The U.S. Supreme Court recently published several long-awaited decisions that will have wide-spread significance for employers.
It Depends On What the Meaning of “Is” Is. Lawyers frequently quibble about precise definitions since cases can turn on how certain words are interpreted. For instance, a dining service employee recently sued her employer, claiming that another employee harassed and retaliated against her. Generally, a company is automatically liable for harassment by a supervisor, but only liable for the harassment by a co-worker if the company was negligent in handling the victim’s complaint. In other words, an employer’s liability for workplace harassment often depends on whether the harasser is properly considered a “supervisor.” The U.S. Supreme Court rejected the EEOC’s more expansive definition of the term “supervisor” and narrowly defined a supervisor as someone with the power to hire, fire, promote, reassign, or significantly change the alleged victim’s benefits. This narrow definition could make it harder for employees to win future workplace harassment claims.
High Court Imposes More Rigid Standard for Retaliation Claims. The Supreme Court also sided with employers on a case that examined the proper standard for retaliation claims. In this case, a doctor of Middle Eastern descent sued his employer after his supervisor allegedly retaliated against him for reporting ethnic harassment. The doctor claimed that his employer violated Title VII because the employer’s retaliatory conduct was a motivating factor in his discharge. The U.S. Supreme Court disagreed. The Court held that an employee can’t win a Title VII retaliation claim unless the employee proves that the retaliatory conduct was the factor in his or her discharge. This standard (also known as “but for” causation) is tougher than the less demanding “motivating factor” standard and could result in fewer successful Title VII retaliation claims.

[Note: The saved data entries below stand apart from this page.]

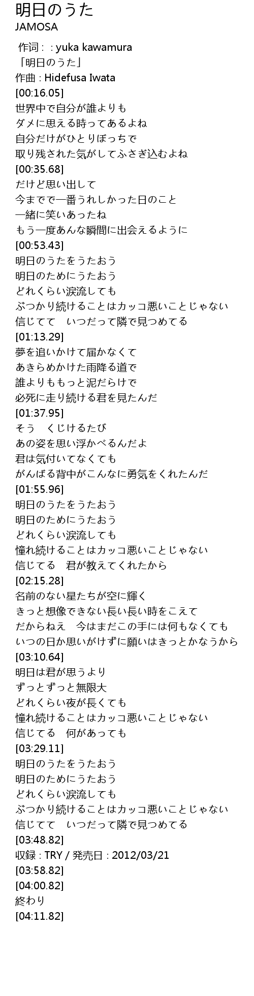 | [03:53.82] | 収録∶TRY/発売日∶2012/03/21 |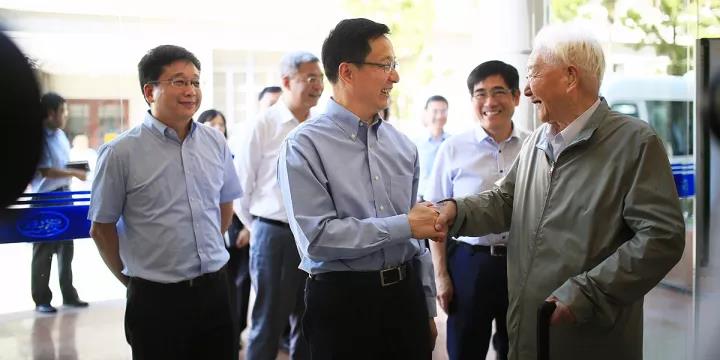 时任上海市委书记韩正2015年教师节前来校看望94岁高龄的陈吉余院士
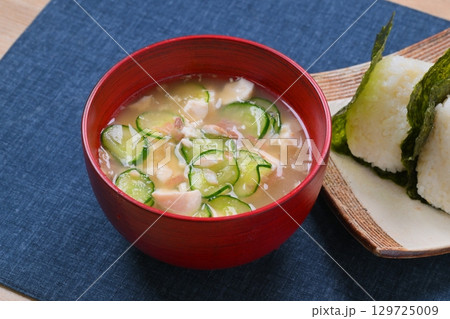 冷味噌湯飯糰,冷味噌湯,鄉土料理,夏季料理,冷味噌湯。配料有黃瓜、竹莢魚乾、豆腐、茗荷。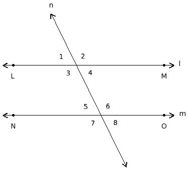 ∠1 , ∠5 ; ∠2 , ∠6 ; ∠3 , ∠7 ; ∠4 , ∠8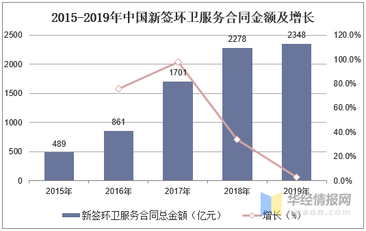 2016年全国新签环卫服务年化总金额为248亿元,同比增长80%。2018年年化总金额创新高,2017-18年年化总金额达到321/482亿元,2019年新签环卫服务年化总金额达550亿元。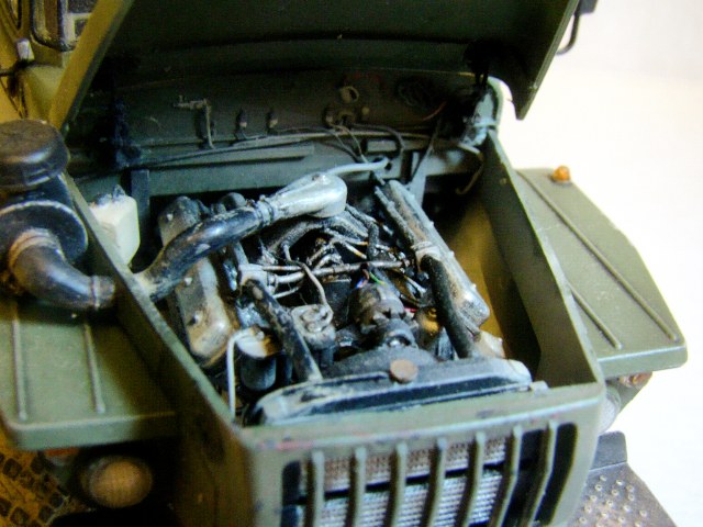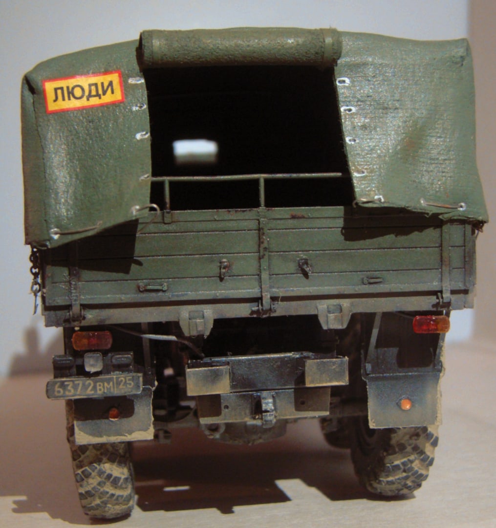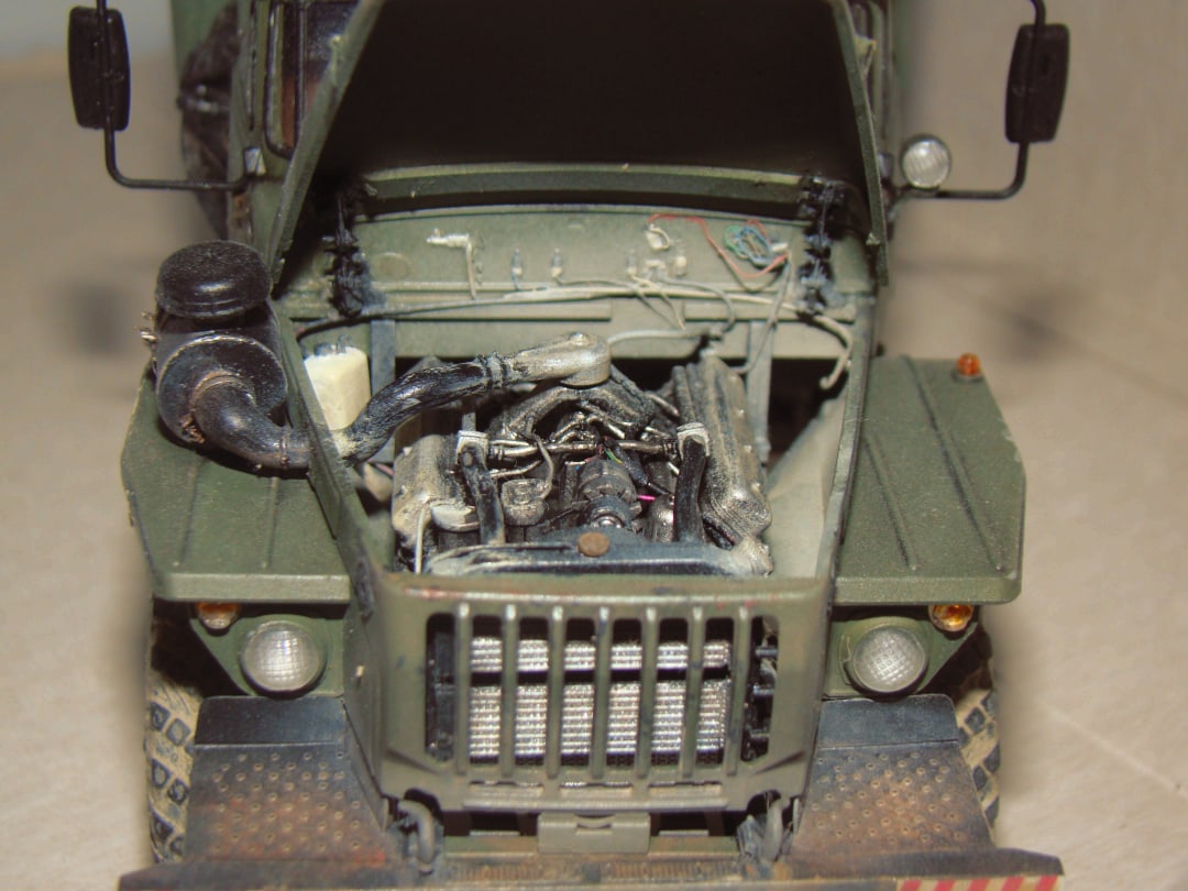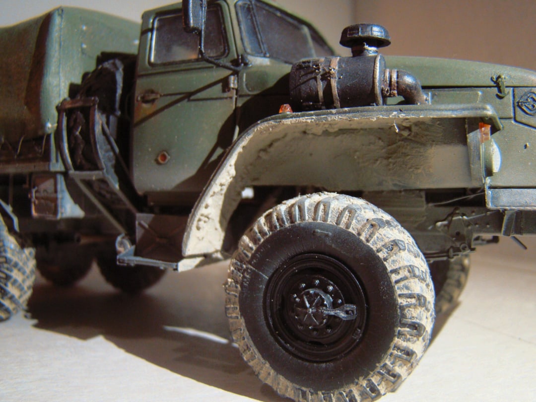 Модель грузовика Урал 4320 от Звезды. Особых проблем со сборкой не возникало, использовал фототравление от «Микродизайн», тент самодельный из салфетки и ПВА. красил аэрографом, основной цвет краска от «Arma Colors», остальное красками «Тamiya», смывка «Тamiya», пигменты Wilber. В двигателе добавил проводку и шланги из проволоки.

Sign on the Dotted Line. We’ve all done it. We click “accept” before fully reading a lengthy terms and conditions agreement. But that’s dangerous. Just ask several plaintiffs who recently sued American Express. They entered into an agreement with American Express that contained an arbitration provision, requiring that all disputes be resolved by arbitration. Despite this provision, the plaintiffs filed a class action lawsuit against American Express. They claimed that the arbitration provision should be thrown out because the cost of individually arbitrating the case would be too costly. That didn’t persuade the Supreme Court. It held that the Federal Arbitration Act does not permit courts to invalidate a contractual waiver of class arbitration. While this lawsuit was not employment related, the Court’s deference to arbitration provisions should give hope to companies that use them and pause to people who don’t read them.

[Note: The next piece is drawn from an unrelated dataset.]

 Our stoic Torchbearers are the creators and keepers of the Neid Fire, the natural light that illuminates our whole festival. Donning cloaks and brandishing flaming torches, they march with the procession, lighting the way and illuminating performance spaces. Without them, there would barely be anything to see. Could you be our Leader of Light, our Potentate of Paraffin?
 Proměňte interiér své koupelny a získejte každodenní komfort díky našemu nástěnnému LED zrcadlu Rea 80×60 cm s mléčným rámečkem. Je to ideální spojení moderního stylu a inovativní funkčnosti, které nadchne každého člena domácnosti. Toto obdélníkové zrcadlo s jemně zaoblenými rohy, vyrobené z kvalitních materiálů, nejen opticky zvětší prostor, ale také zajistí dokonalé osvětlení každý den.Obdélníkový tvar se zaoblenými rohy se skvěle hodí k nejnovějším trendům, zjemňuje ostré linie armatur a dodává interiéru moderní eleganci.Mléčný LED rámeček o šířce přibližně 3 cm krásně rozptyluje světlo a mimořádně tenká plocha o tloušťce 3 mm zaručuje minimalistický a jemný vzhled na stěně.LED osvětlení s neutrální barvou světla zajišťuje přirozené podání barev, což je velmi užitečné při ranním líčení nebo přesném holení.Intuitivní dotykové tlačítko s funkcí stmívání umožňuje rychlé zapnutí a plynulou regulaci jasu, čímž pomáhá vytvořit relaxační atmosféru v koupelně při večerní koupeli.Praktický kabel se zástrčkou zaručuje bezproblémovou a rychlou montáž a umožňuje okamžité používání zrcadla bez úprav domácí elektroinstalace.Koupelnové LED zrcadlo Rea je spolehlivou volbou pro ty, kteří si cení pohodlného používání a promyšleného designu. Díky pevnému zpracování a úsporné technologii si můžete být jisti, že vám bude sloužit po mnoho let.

Court’s Ruling Provides More Questions than Answers. Congress passed the Defense of Marriage Act (DOMA) in 1996. It denied federal recognition of same-sex marriage by defining marriage as a union between one man and one woman. However, the Supreme Court recently ruled that DOMA is unconstitutional because it violates the Due Process Clause of the Fifth Amendment. The fall of DOMA affects over 1,000 other federal laws, including many rules governing employee benefit plans. The Court’s ruling will impact operational provisions such as spousal protections in retirement plans, along with the taxation of same-sex spouse benefits. It is too early to say what plan changes this ruling will require, but changes are certainly coming.